Sunday, April 7, 2013

Obamacare: actuaries, insurance policies, maintenance policies and Kathleen Sebelius

“In a report that could prove a big political headache for the administration, the Society of Actuaries estimated Tuesday that insurers will have to pay out an average of 32 percent more for claims on individual health policies under the Affordable Care Act, a cost likely to be passed on to consumers.”

“Kristi Bohn, an actuary who worked on the study, acknowledged it did not attempt to estimate the effect of subsidies, insurer competition and other factors that could mitigate cost increases.
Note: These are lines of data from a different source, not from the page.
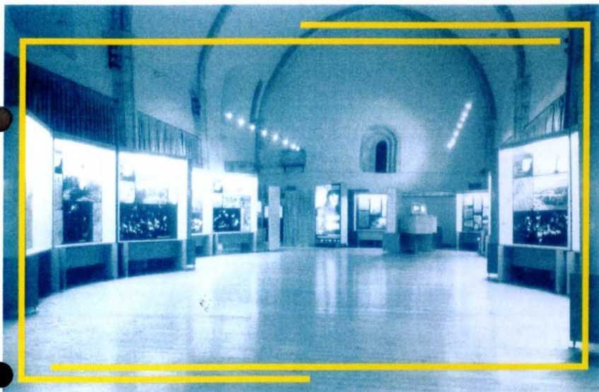
Exposicion "Art Rupèstre"

Actualment s'esta treballant ena exposicion "Bruisheria, insolitos objetos y fantasticas criaturas" que s'inagurarà eth pròplèu 28 de noveme e era exposicion "Fauna amenaçada" que la presentaram eth 19 de hereuèr de 2003.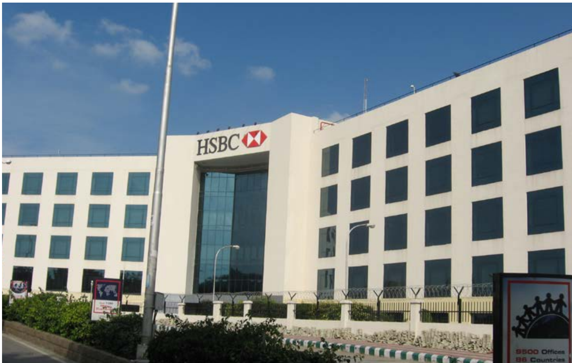
Photos du quartier des affaires et des centres commerciaux

Source : https://www.flickr.com/photos/listenersvision/5782124788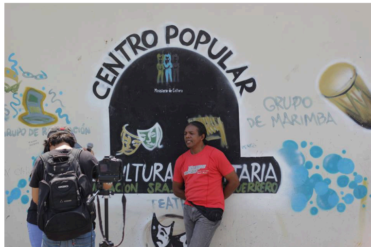
Figura 3 Centro cultural comunitario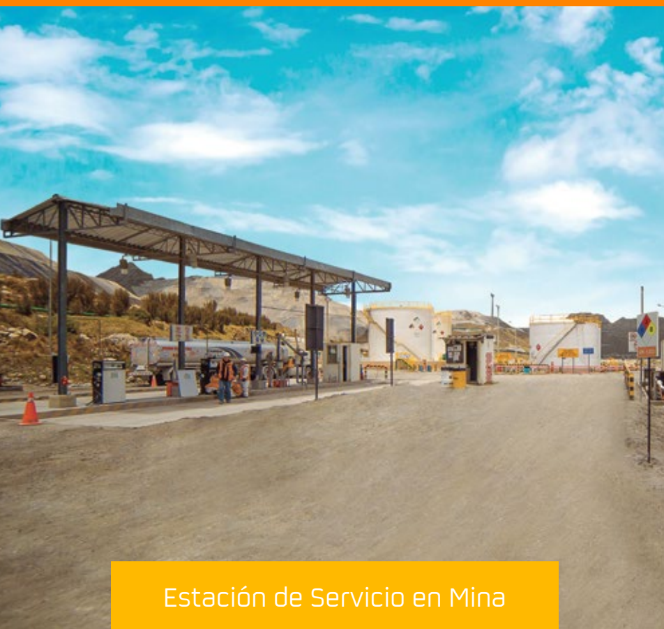
Estación de Servicio en Mina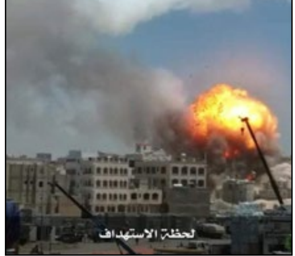
استهداف طيران تحالف العدوان مدرسة الراعي -مديرية شعوب بأمانة العاصمة 7 أبريل 2019م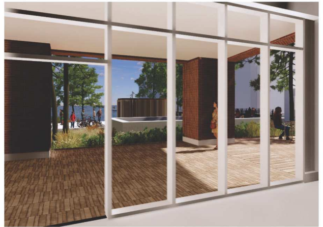
Kig fra AL-Huset/Bistro og terrasse, i retning mod Fordgraven

Toiletbygningen skal have en synlig placering, men denne placering vurderes at være for fremtrædende i forhold til pladsens udformning og udsigten fra /ankomsten til de omkringliggende bygninger. Placeringen blokerer sigtelinjen fra AL-Husets bistro/terrasse, i retning mod Fordgraven. Toilettet er desuden meget fremtrædende fra lejlighederne i P2.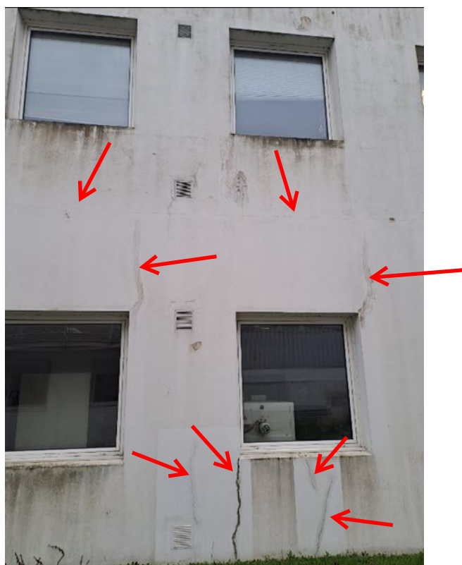
- 05 Traitement des fissures au mortier fibré

She said the goal was to look at the underlying cost of medical care.

"Claims cost is the most important driver of health care premiums," she said.” (1)

Enter Kathleen Sebelius:

“At a White House briefing Tuesday, Health and Human Services Secretary Kathleen Sebelius said some of what passes for health insurance today is so skimpy it can't be compared to the comprehensive coverage available under the law. "Some of these folks have very high catastrophic plans that don't pay for anything unless you get hit by a bus," she said. "They're really mortgage protection, not health insurance."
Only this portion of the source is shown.